We have a data model having a sourcetype as a base constraint and other fields using which we generate statistical reports by tstats searches. This sourcetype has got duplicated data.
I would want to filter out the duplicated events so for accurate statistics reporting in the data model, so that the generated summaries are accurate. (some thing like '| dedup _raw' right before the 'stats' command in the usual searches)
I don't know about the precise question you asked - but I'd investigate why you have duplicate data in the first place. I know that won't help with historical information but it seems like the right answer here.
Is there information lacking in the logs making events appear duplicated? Are you grabbing a set of logs twice? Do two hosts both report the same information?
Well, I have found the root cause of the duplication and have resolved it too.
To sum up the question - the issue persisted for a month and for this duration we have duplication. We have reports being generated on this data every now and then by the users and the stats reported are not accurate due to dupes. These reports come from the accelerated summaries created by a data model.

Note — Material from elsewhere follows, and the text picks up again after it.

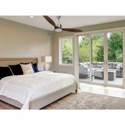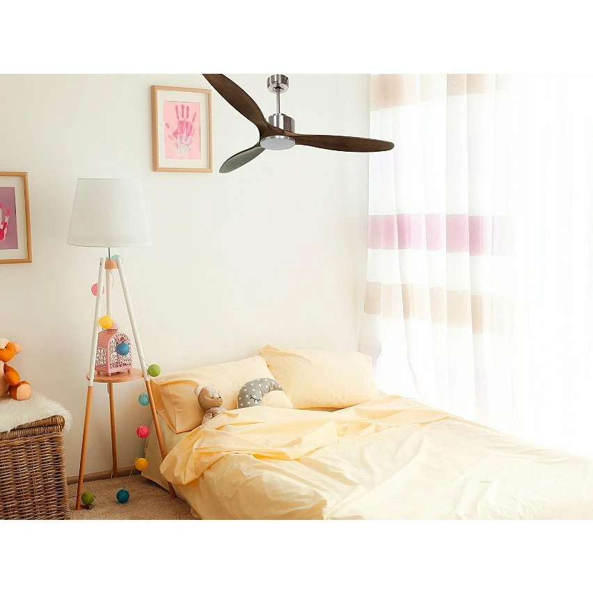 Les pales aĂ©rodynamiques en bois confĂšrent au ventilateur une grande lĂ©gĂšretĂ©, et ont Ă©tĂ© traitĂ©es Ă la main pour ĂȘtre totalement Ă©quilibrĂ©es et ne pas produire de vibrations. Ce modĂšle Ă 3 Pales de couleur marron a un diamĂštre de 166 cm et atteint une grande vitesse.

Now, how can I not include the duplicated events in the data model summaries to have the stats accurate ?
I'm glad to hear you've got it straightened out now.
I think you have a couple of options. d and bwooden do a far better job of summarizing some of them in this answer, though I'd caution TEST TEST TEST before doing some of those! Remember, you shoudl be 100% the results of that search are really what you want to delete before you ever even enable the ability to USE delete. 😉
Anyway, If that's helpful please upvote that very thorough tag-teamed answer to give them some credit for it.
Your idea about including a dedup would probably work really well, except it'll be a huge performance impact all the time. Now, if perhaps you only need that for short while until that data expires out of the system, then maybe that's the easy way to go.